Setting a goal that’s out of our comfort zone does give us hope. It gives us structure. It reminds us we can still fight.  In fact, the act of goal-setting demands hope from us, and it requires discipline. And when we commit to it, the goal gives us safe harbor.  The discipline brings a kind of freedom. 

Marathon Day

On the morning of January 15, 2023, I went outside into the garage and started. If you know me, you know I love dates and markers and time stamps.  As I got on the elliptical, it occurred to me that 30 years to the day prior, on January 15, 1993, I waved goodbye to my family as I boarded a plane in ice cold Minnesota and flew to Hong Kong where I would live for the next six years. That was a flight into the unknown just as this was to be a ride into the unknown. Glennon Doyle’s voice floated through my mind: “We can do hard things.” We, because it’s always some kind of we. Not I. My family has been encouraging me on the road to this goal and every other goal I’ve ever held.

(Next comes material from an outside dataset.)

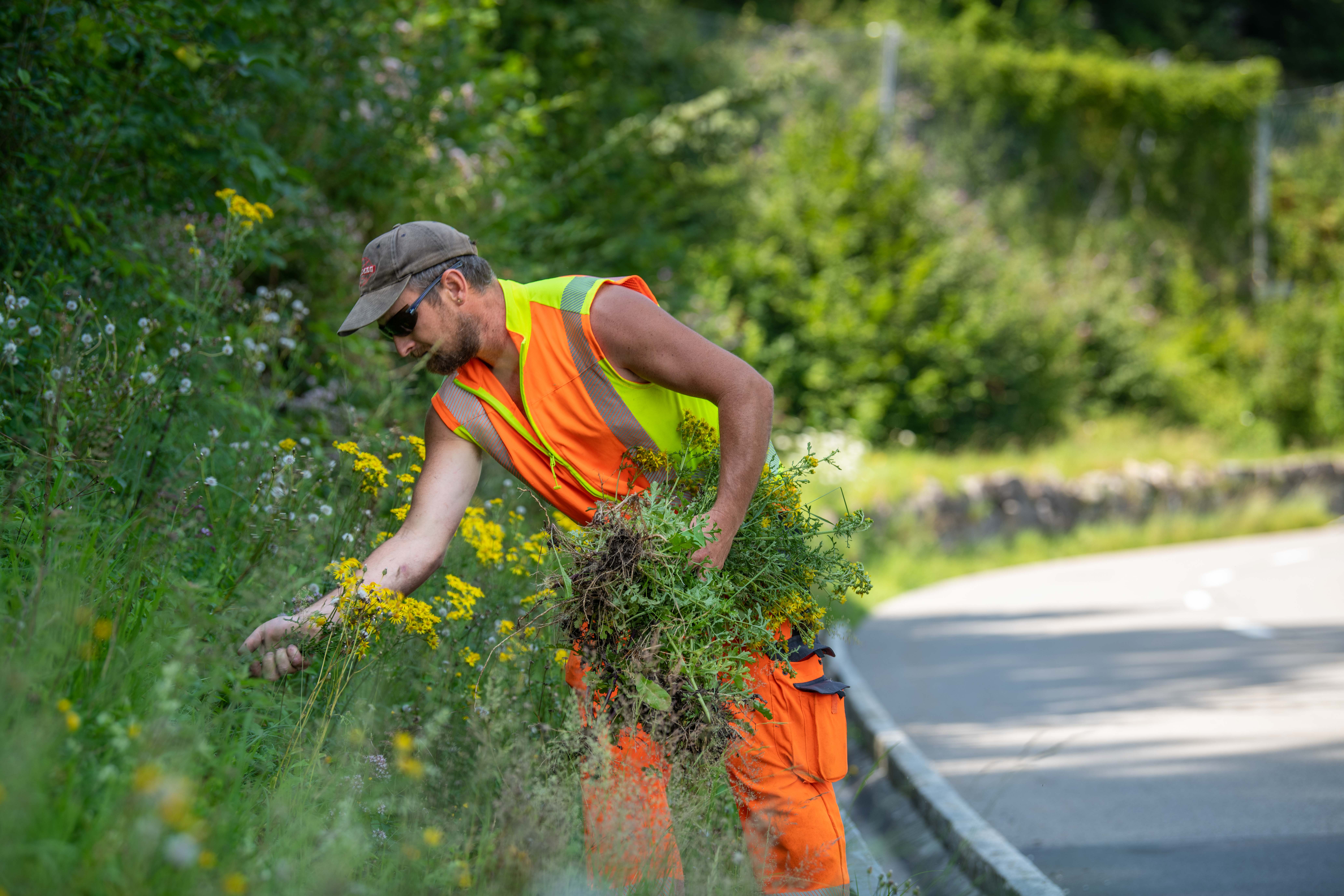 | Bild 2: Entlang der Bauerstrasse reisst Kantonsmitarbeiter Pius Murer das Jakobskreuzkraut aus. Breitet sich das Kraut auf den Weiden aus, gefährdet es die Gesundheit des Viehs. (JPG, 1.88 MB) | Download | 1 | Bild 2: Entlang der Bauerstrasse reisst Kantonsmitarbeiter Pius Murer das Jakobskreuzkraut aus. Breitet sich das Kraut auf den Weiden aus, gefährdet es die Gesundheit des Viehs. |

So on this date 30 years later, I felt even more reflective. I put a story in my ears to accompany me on my long garage ride. As I set out on my journey into the unknown, I listened to a book called Girl In Translation, by Jean Kwok. It is a story about another kind of journey into the unknown. About pain and grief and change and poverty and challenge and cultural differences and loss and determination and uncertainty and grit and friendship and triumph and overcoming and grace and the kindness of strangers.

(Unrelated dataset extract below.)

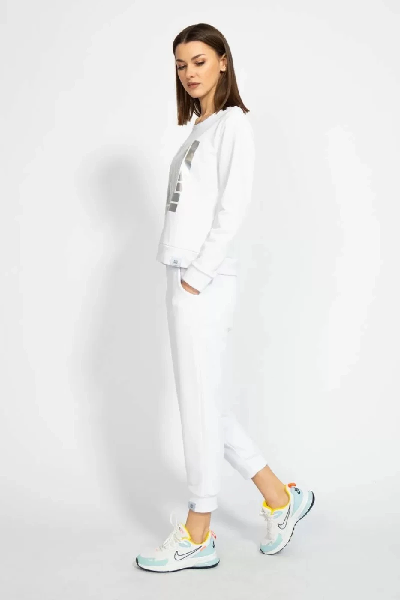 Брюки-джоггеры, укороченные, средней посадки, зауженные к низу с карманами в боковых швах. Обработка низа брюк манжета из основной ткани. Ткань футер 3-х ниточный с внутренним слоем на петельной основе, качество Пенье, плотность 435 г.м2. Максимально качественная ткань с софт текстурой.

I pushed play, and I let my body and the story take me away, step by step by step. Over the course of the next 26.2 miles, I traveled to Hong Kong and Brooklyn, through childhood and adolescence, through pain and grief and back again.  I smiled and waved when Eric served as my one in-person cheering section, water re-filler and snack deliverer. I crossed my invisible finish line in 4 hours and 10 minutes. I stepped off. It was done. This was not easy for me. I could barely walk for the next two days. But I did it. We did it.

Now What

I don’t study grief. I’m not an expert on it. But I’ve learned there are stories inside of grief. Stories of love and longing, stories of celebration and appreciation, stories of guilt and regret. No one can ever tell me story isn’t powerful. 

Similarly, no one can tell me that goals aren’t powerful. The goals we set or do not set… they write our stories and shape our futures. Goals can even help us through the toughest chapters of our life stories. 

I think stories are even more powerful than we give them credit for. Imagine if companies, organizations, teams and families could harness the power of each person’s story the way turbines harness the power of water. We could light up faces with love and light up the world in a whole new way. If only…

When goals, grief and gratitude collide, maybe we can transmute our pain into energy. Maybe we can lay a few more railroad tracks to our unknown futures. Maybe we can believe that we are capable and we are strong and that together we can rise.